Exercise:
Below is a block of entries; repeat all of it exactly but omit the pictures.

[Records drawn from a dataset]
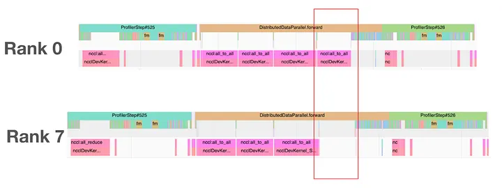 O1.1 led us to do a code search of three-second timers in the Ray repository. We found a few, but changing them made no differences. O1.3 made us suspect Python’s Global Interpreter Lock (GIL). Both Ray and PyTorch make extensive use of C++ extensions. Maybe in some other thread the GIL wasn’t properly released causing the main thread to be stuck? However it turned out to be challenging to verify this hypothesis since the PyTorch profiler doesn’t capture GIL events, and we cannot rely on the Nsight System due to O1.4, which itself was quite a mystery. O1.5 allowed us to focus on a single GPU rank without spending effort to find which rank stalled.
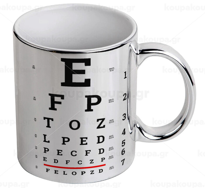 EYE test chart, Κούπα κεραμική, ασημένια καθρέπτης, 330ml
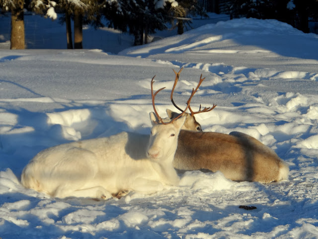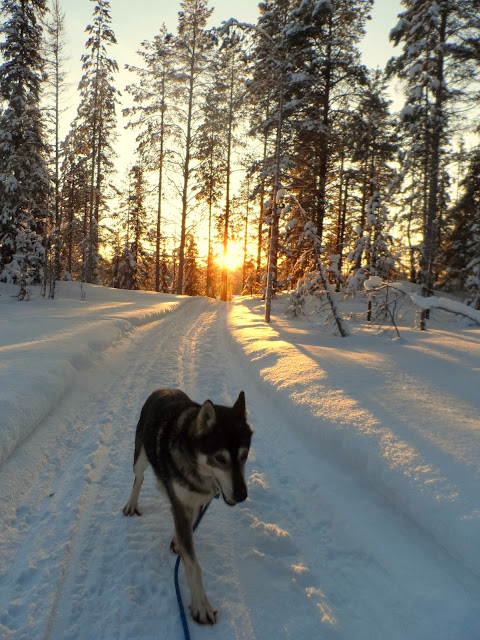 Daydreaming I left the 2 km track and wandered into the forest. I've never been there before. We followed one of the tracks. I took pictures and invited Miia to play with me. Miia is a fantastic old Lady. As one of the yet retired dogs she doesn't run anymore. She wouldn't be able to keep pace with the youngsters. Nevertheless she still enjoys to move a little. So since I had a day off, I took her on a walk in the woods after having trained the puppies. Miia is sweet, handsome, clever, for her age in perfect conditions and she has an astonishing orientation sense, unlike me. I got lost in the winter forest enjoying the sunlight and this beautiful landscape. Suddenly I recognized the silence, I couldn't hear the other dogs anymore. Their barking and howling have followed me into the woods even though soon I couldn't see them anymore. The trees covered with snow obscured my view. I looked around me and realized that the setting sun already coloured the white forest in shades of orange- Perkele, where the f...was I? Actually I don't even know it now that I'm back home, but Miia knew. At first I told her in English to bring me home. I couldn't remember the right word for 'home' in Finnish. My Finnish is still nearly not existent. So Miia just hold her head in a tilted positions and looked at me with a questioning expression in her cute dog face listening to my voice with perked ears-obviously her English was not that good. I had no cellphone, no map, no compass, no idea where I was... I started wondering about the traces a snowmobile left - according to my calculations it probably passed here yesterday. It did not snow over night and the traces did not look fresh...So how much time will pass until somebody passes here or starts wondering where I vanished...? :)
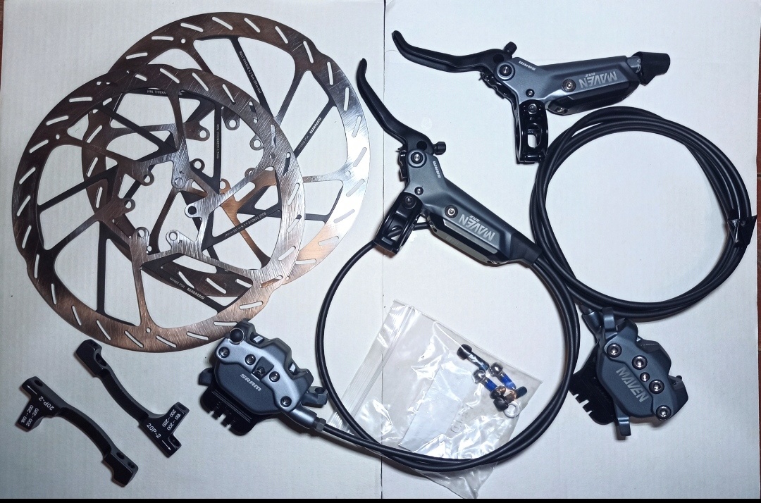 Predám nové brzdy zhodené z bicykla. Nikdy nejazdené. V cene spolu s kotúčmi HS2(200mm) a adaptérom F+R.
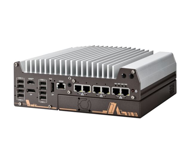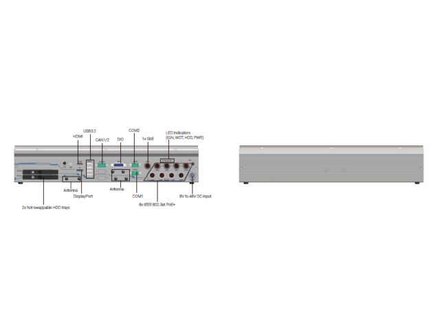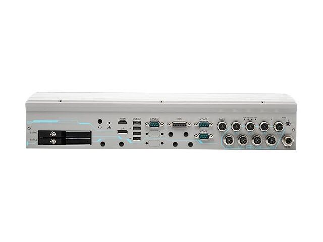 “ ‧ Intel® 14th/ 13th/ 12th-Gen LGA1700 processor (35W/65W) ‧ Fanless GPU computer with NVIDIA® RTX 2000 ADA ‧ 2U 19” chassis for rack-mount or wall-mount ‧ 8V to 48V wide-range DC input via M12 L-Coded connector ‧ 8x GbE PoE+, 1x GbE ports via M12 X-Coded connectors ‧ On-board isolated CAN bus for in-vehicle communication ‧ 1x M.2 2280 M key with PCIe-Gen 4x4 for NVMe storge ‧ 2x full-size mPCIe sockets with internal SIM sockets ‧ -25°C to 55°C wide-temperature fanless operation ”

Reply:
 O1.1 led us to do a code search of three-second timers in the Ray repository. We found a few, but changing them made no differences. O1.3 made us suspect Python’s Global Interpreter Lock (GIL). Both Ray and PyTorch make extensive use of C++ extensions. Maybe in some other thread the GIL wasn’t properly released causing the main thread to be stuck? However it turned out to be challenging to verify this hypothesis since the PyTorch profiler doesn’t capture GIL events, and we cannot rely on the Nsight System due to O1.4, which itself was quite a mystery. O1.5 allowed us to focus on a single GPU rank without spending effort to find which rank stalled.
 EYE test chart, Κούπα κεραμική, ασημένια καθρέπτης, 330ml
 Daydreaming I left the 2 km track and wandered into the forest. I've never been there before. We followed one of the tracks. I took pictures and invited Miia to play with me. Miia is a fantastic old Lady. As one of the yet retired dogs she doesn't run anymore. She wouldn't be able to keep pace with the youngsters. Nevertheless she still enjoys to move a little. So since I had a day off, I took her on a walk in the woods after having trained the puppies. Miia is sweet, handsome, clever, for her age in perfect conditions and she has an astonishing orientation sense, unlike me. I got lost in the winter forest enjoying the sunlight and this beautiful landscape. Suddenly I recognized the silence, I couldn't hear the other dogs anymore. Their barking and howling have followed me into the woods even though soon I couldn't see them anymore. The trees covered with snow obscured my view. I looked around me and realized that the setting sun already coloured the white forest in shades of orange- Perkele, where the f...was I? Actually I don't even know it now that I'm back home, but Miia knew. At first I told her in English to bring me home. I couldn't remember the right word for 'home' in Finnish. My Finnish is still nearly not existent. So Miia just hold her head in a tilted positions and looked at me with a questioning expression in her cute dog face listening to my voice with perked ears-obviously her English was not that good. I had no cellphone, no map, no compass, no idea where I was... I started wondering about the traces a snowmobile left - according to my calculations it probably passed here yesterday. It did not snow over night and the traces did not look fresh...So how much time will pass until somebody passes here or starts wondering where I vanished...? :)
 Predám nové brzdy zhodené z bicykla. Nikdy nejazdené. V cene spolu s kotúčmi HS2(200mm) a adaptérom F+R.
 “ ‧ Intel® 14th/ 13th/ 12th-Gen LGA1700 processor (35W/65W) ‧ Fanless GPU computer with NVIDIA® RTX 2000 ADA ‧ 2U 19” chassis for rack-mount or wall-mount ‧ 8V to 48V wide-range DC input via M12 L-Coded connector ‧ 8x GbE PoE+, 1x GbE ports via M12 X-Coded connectors ‧ On-board isolated CAN bus for in-vehicle communication ‧ 1x M.2 2280 M key with PCIe-Gen 4x4 for NVMe storge ‧ 2x full-size mPCIe sockets with internal SIM sockets ‧ -25°C to 55°C wide-temperature fanless operation ”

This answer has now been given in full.